Keywords: antimicrobial resistance, Campylobacter jejuni, Comprehensive Antibiotic Resistance Database, shotgun proteomics, whole genome sequencing

The emergence and spread of antimicrobial resistance (AMR) mechanisms in bacterial pathogens have rendered many antibiotics ineffective, resulting in a global health crisis.1 Clinical microbiology laboratories currently perform antimicrobial susceptibility testing (AST) using phenotypic methods, such as the minimum inhibitory concentration (MIC). However, these methods standardly rely on cultured isolates, which can be problematic if the pathogen is slow growing or unculturable. Molecular techniques have been developed to complement traditional culture‐based phenotypic AST. Such techniques include genotypic testing with polymerase chain reaction (PCR), transcriptomic testing with quantitative reverse transcription PCR, and proteomic testing with matrix‐assisted laser desorption/ionization time‐of‐flight mass spectrometry (MALDI‐TOF MS).2

Whole genome sequencing (WGS) provides a comprehensive inventory of an organism's functional potential, making it an attractive approach for AST. A number of excellent resources for detecting AMR from WGS data are publicly available.3 Of these, the Comprehensive Antibiotic Resistance Database (CARD)4 stands out for its high quality, manually curated resistance detection models derived from experimentally verified phenotype–genotype associations reported in the scientific literature, and through collaborations with public health and clinical microbiology laboratories. CARD contains databases specific to the molecular determinants of AMR, including protein homologs, protein and rRNA variants, and regulatory mutations in efflux systems.
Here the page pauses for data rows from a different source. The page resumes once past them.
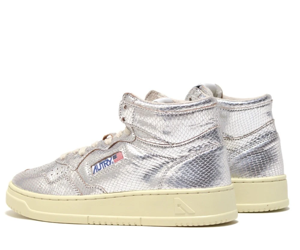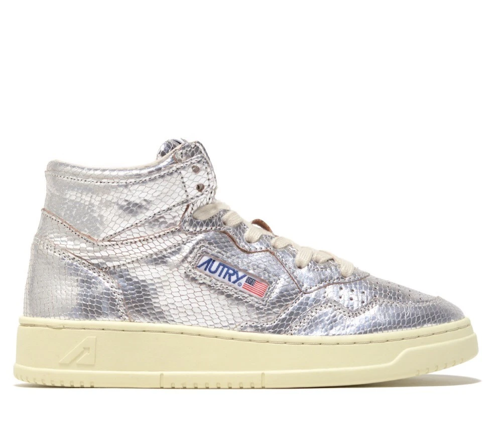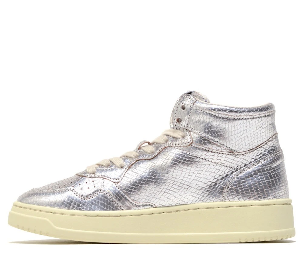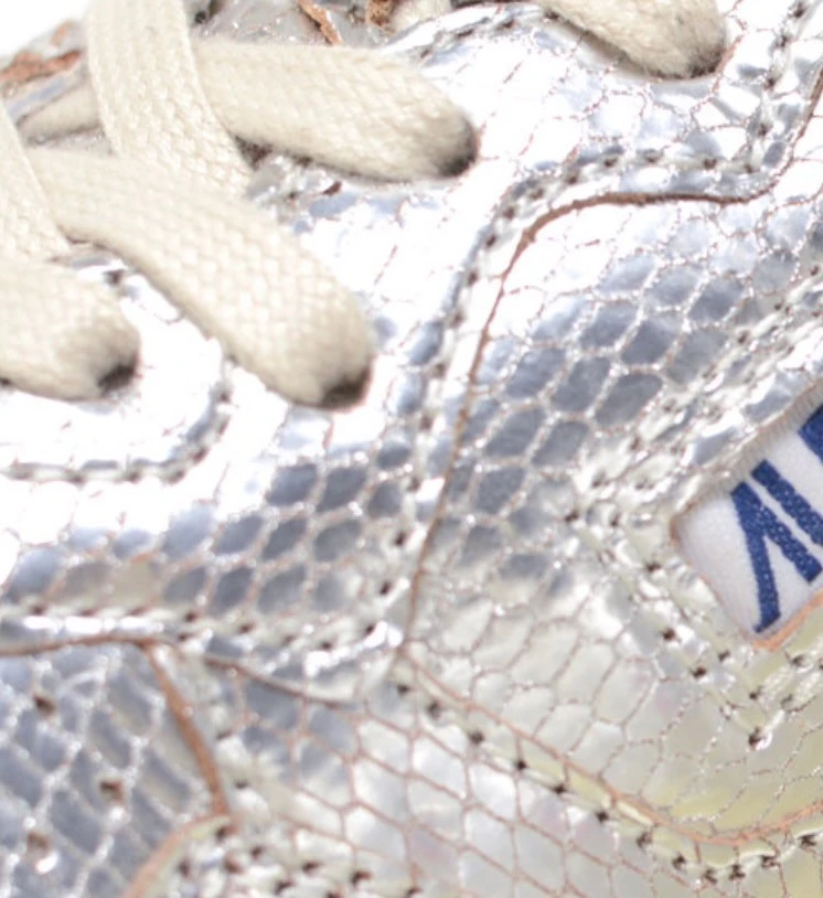 Baskets en cuir de chèvre effet reptile coloris argent.
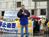旧金山市议员克里斯-戴利也出席了集会。在谈到2月中旬中共黑手干扰法轮功参加新年游行时,戴利在集会上说,“大家可能听说了上周在旧金山举行的新年游行,一开始我听说法轮功的游行申请被拒绝了,我马上跟我的法轮功朋友说,我参加这个游行,如果你们不能参加游行,你们可以跟我一起参加游行。”
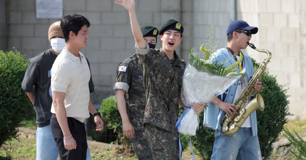 Jin, el mayor del grupo furor de K-Pop, estuvo 18 meses en su cuartel.Al salir, se reencontró con sus compañeros, que pidieron un día de licencia para poder verlo.

Although promising, the suitability of WGS for AST has yet to be established.5 Molecular tests that provide evidence of the expression of the implicated genes—such as transcriptomics‐based and proteomics‐based tests—should in theory be superior to genomics‐based tests alone. Transcriptomics approaches to AMR detection are problematic due to their low correlation with protein abundance levels.6 Generally, multiple molecular factors contribute to observed discrepancies among gene content, transcriptome, proteome, and phenome. Proteomics methods that directly detect the presence and abundance of the proteins that confer AMR should, in theory, provide the strongest molecular evidence of resistance.2

A number of proteomics techniques have been used to study AMR.7 Whole‐cell MALDI‐TOF MS has been used successfully for AMR screening, but the resulting fingerprint provides no useful information at the individual protein level. Targeted proteomic approaches, such as those based on selected reaction monitoring, can provide higher sensitivity and specificity for detecting and quantifying specific biomarkers, but these methods require prior knowledge of the target biomarker and are not as suitable for use with the ever‐growing AMR databases. Shotgun proteomics by liquid chromatography‐tandem MS (LC‐MS/MS) provides high‐resolution data that enables investigation of underlying resistance mechanisms as well as specific antimicrobial agent(s) of interest.8, 9, 10, 11 Currently, no whole‐proteome‐based AMR detection method yet exists that acts as a functional equivalent to genomic and transcriptomic approaches for surveying an organism's resistome.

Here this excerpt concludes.